Facebook Messenger - Interview Tips
System Design Interview Approach
Step 1: Requirements Clarification (5-10 minutes)
Key Questions to Ask
- Scale: How many users? Daily active users? Messages per day?
- Features: One-on-one vs group chat? Media sharing? Voice/video calls?
- Platforms: Web, mobile, desktop? Cross-platform sync required?
- Real-time: What's acceptable latency? <100ms, <1s?
- Reliability: Uptime requirements? Message delivery guarantees?
- Geography: Global system? Regional data requirements?
Sample Clarification Dialog
Interviewer: "Design a messaging system like Facebook Messenger"
You: "Great! Let me clarify the requirements:
- Are we building for global scale like Facebook's 1.3B users?
- Do we need both individual and group messaging?
- Should we support media sharing (images, videos, files)?

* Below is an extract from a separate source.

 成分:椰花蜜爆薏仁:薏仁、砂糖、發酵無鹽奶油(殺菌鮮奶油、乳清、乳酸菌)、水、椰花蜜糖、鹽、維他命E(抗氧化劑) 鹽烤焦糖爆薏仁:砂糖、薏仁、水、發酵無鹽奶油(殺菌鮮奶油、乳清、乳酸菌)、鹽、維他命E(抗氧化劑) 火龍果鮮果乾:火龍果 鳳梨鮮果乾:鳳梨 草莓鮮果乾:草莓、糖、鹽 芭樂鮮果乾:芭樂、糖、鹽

- What's the acceptable message delivery latency?
- Do we need features like read receipts and online presence?
- Any specific compliance requirements like GDPR?"Step 2: High-Level Architecture (10-15 minutes)

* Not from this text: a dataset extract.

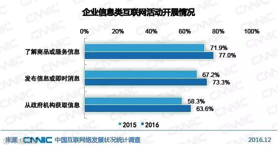 截至2016年12月,86.4%的上网企业使用网上银行;82.3%的上网企业在互联网上与政府机构互动、在线办事;使用互联网辅助基本人力资源管理的企业比例相比2015年有所上升,开展网络招聘、在线员工培训的企业比例分别达61.7%和31.9%。

Start with Simple Architecture
[Client Apps] → [Load Balancer] → [API Gateway] → [Message Service] → [Database]
↓
[WebSocket Service]Gradually Add Components
- Authentication Service for user management
- Notification Service for offline users
- Media Service for file handling
- Presence Service for online status
- Cache Layer for performance
Architecture Presentation Tips
- Draw boxes and arrows clearly
- Label each component with its purpose
- Explain data flow with numbered steps
- Start simple, then add complexity
- Ask "Does this make sense?" frequently
Step 3: Deep Dive into Core Components (15-20 minutes)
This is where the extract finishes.